Quando os corpos se tocam por acaso, como se estivessem indo em direções diferentes, o que
ocorre é desperdício. Não se pode tocar um corpo impunemente. E para se tocar um corpo
completa e profundamente num dado instante, os corpos têm que convergir. E convergir com
uma lua diferente. A descoberta do outro é isso, é convergência.
Despir um corpo a primeira vez é como despir um presente. Por isso não se pode desembrulhá-lo
assim às pressas, embora a gula nos precipite afoitos sobre a pele oferta.

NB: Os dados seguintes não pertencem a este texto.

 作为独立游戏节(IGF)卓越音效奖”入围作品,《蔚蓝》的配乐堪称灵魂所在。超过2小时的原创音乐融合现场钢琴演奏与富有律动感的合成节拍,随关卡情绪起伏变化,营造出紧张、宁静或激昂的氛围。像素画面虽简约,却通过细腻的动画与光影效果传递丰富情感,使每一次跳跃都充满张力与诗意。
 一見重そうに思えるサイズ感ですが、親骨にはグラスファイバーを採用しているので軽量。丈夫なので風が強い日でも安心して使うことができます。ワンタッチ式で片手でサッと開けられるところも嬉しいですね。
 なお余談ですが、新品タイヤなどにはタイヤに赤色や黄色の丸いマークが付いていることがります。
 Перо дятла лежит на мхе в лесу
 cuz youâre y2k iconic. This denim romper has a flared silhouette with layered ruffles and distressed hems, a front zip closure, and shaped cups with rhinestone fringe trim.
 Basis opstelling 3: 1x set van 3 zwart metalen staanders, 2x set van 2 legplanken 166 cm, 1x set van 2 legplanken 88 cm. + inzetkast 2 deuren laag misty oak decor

Não se pode com as
mãos infantis descompassadas ir rasgando invólucros, arrebentando cordões com a gula que as
crianças só têm nas confeitarias antes da indigestão.

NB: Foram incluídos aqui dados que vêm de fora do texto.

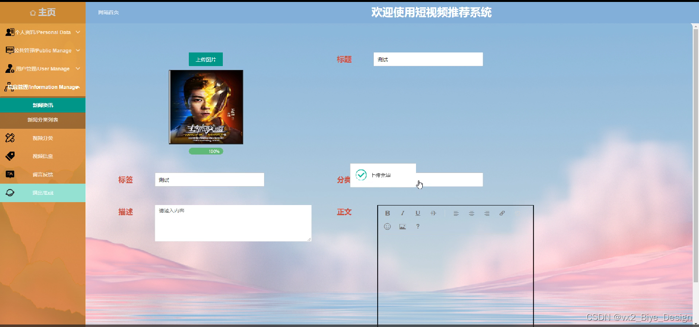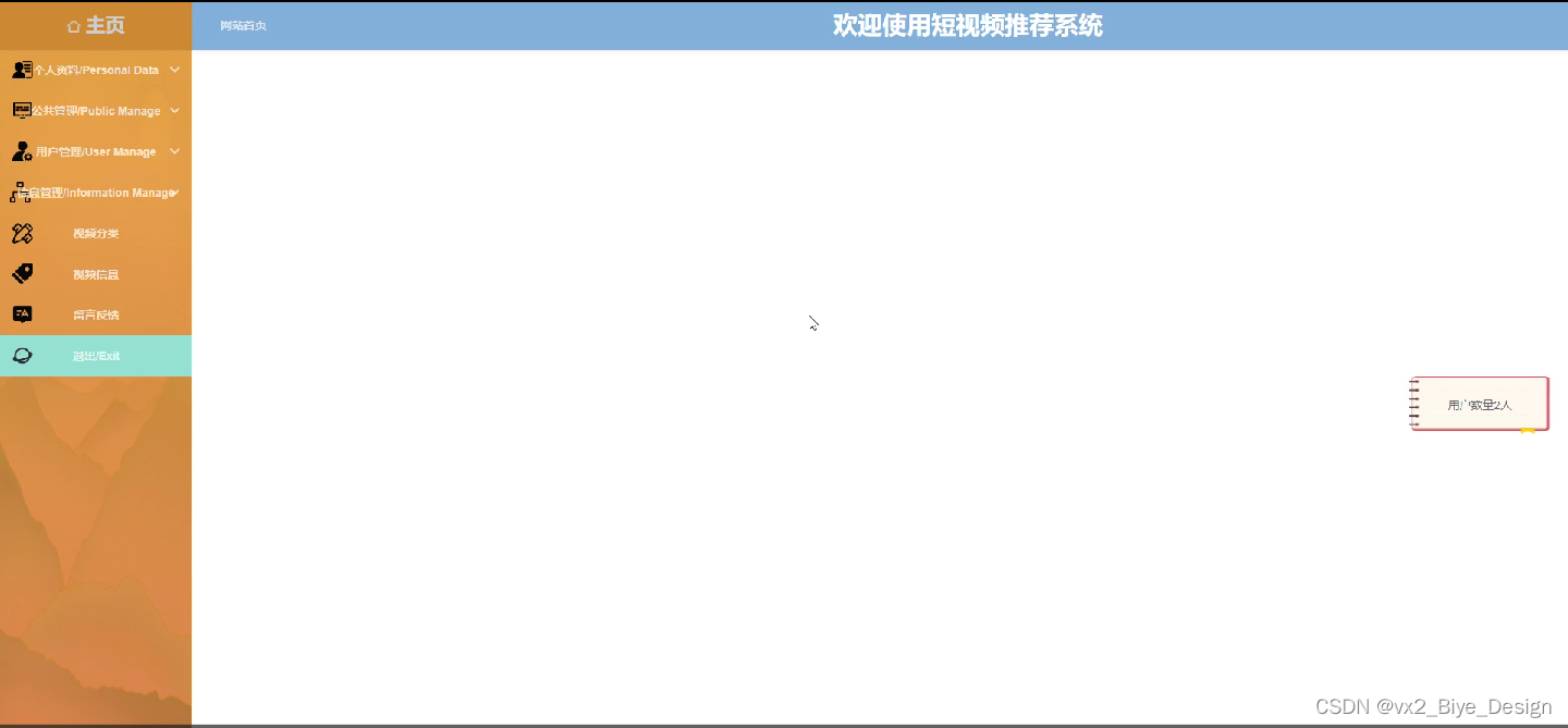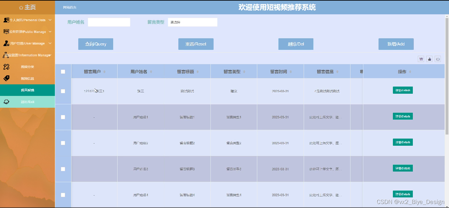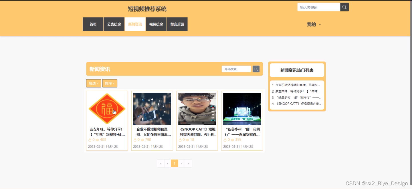 The system adopts a B/S structure, adopting a browser interactive mode for all business modules, selecting MySQL as the system database, and using SpringBoot as the development tool for system design. The main functional modules of the short video recommendation system have been basically implemented. This system has two main functional modules: administrator and user. The administrator includes the homepage, personal information, public management (such as broadcast images and announcement information), user management (such as administrators and ordinary users), information management (such as news information and news classification lists), video classification, video information, and message feedback; Users: Home page, message board, announcement information, news information, video information, message feedback, and other operations.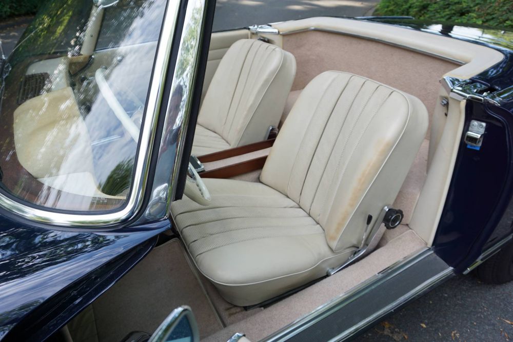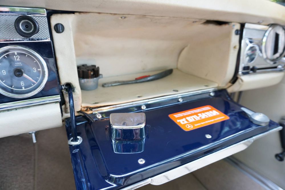The light and airy lines of the SL continue to inspire enthusiasm to this day. The same applies to its powerful in-line six-cylinder engine, which contributes to the driving pleasure of the SL. Especially when they do their job so flawlessly and with such a powerful sound, like the Mercedes-Benz 230 SL (registration no. #0054031) offered by me on behalf of a customer in the elegant colour combination of Dark Blue 332 on the outside and Cream Leather on the inside.

Despir um corpo a primeira vez, para usar uma imagem conhecida, é mais que ir à Europa. Pode
ser, ao contrário, desembarcar pela primeira vez na América sobre a nudez do desconhecido. É
descobrir na pele alheia mais que a pele dele, a nossa pele índia. E volto àquela imagem: despir
um corpo a primeira vez é tão marcante quanto a vez primeira que um mineiro viu o mar.

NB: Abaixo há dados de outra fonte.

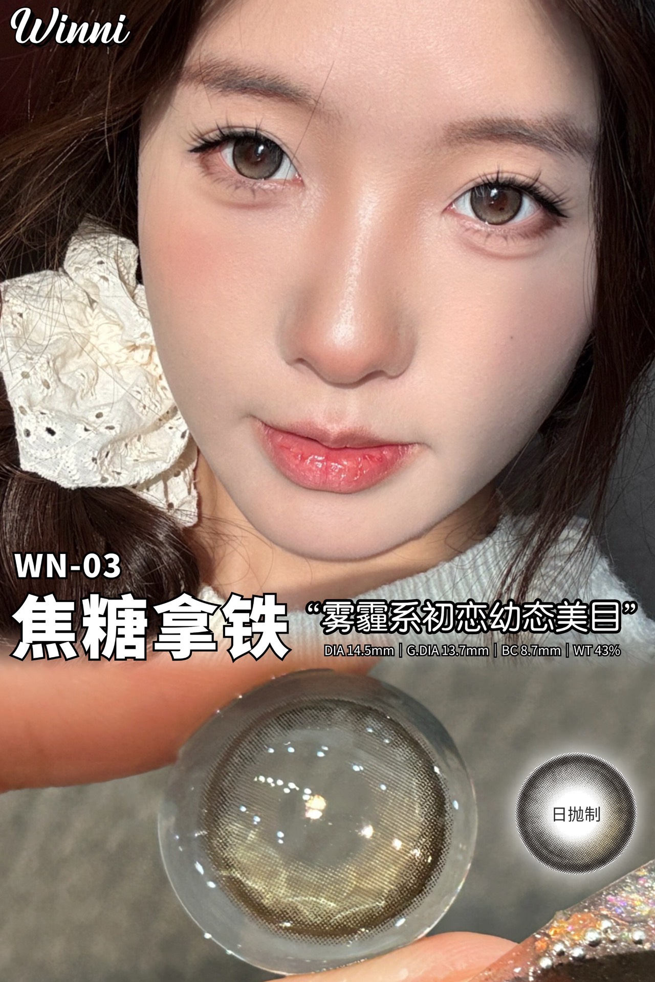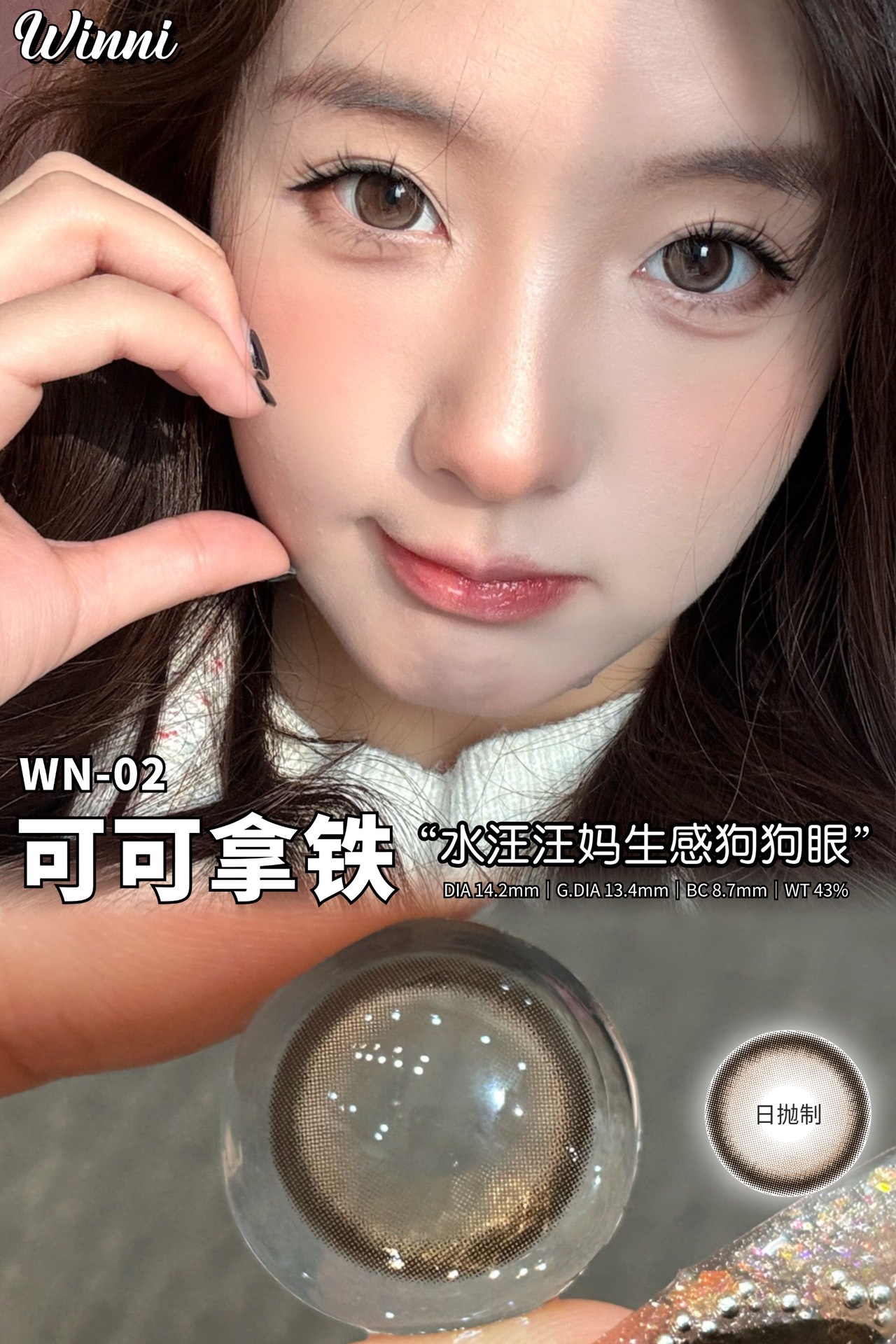 winni日抛 芝麻拿铁/可可拿铁/焦糖拿铁 14.2-14.5mm 日抛无售后!!灰绿棕巧

Um corpo é surpresa sempre. E o que se vê nas praias, nessa pública ostentação, nesse exercício
coletivo de nudez total negaceada, em nada tira a eufórica contenção do ato, quando os dedos vão
desatando botões e beijos e rompendo as presilhas das carícias. Despir um corpo a primeira vez
não é coisa para amador. Só se o amador for amador da arte de amar. Porque o corpo do outro
não pode ter a sensação de perda, mas a certeza de que algo nele somou, que ele é um objeto
luminoso que a outros deve iluminar.
Um corpo a primeira vez, no entanto, é frágil e pode trincar em alguma parte. E os menos
resistentes se partem quando aquele que os toca, os toca apenas com a cobiça e nunca com a
generosa mansidão de quem veio pela primeira vez, e sempre, para amar.